• **GIVEN INFORMATION**
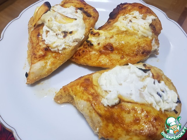 В кармашек куриной грудки вложить подготовленную начинку. Положить на грудку 3 ст. ложки густых сливок и завернуть в фольгу.
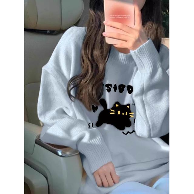 初高中生奶fufu寬松慵懶風毛衣少女秋冬小眾設計感加厚內搭上衣 469
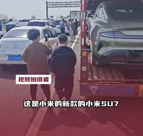 视频中,因高速堵车一辆运输小米SU7的板车成了路上最靓的仔,吸引了男女老少一大波人围观,大家纷纷拿出手机拍照,仿佛身处4S店展厅一般。

• **WHAT THE TASK ASKS**
Return each line above exactly; any pictures are to be skipped.

• **EXERCISE RESULT**
 В кармашек куриной грудки вложить подготовленную начинку. Положить на грудку 3 ст. ложки густых сливок и завернуть в фольгу.
 初高中生奶fufu寬松慵懶風毛衣少女秋冬小眾設計感加厚內搭上衣 469
 视频中,因高速堵车一辆运输小米SU7的板车成了路上最靓的仔,吸引了男女老少一大波人围观,大家纷纷拿出手机拍照,仿佛身处4S店展厅一般。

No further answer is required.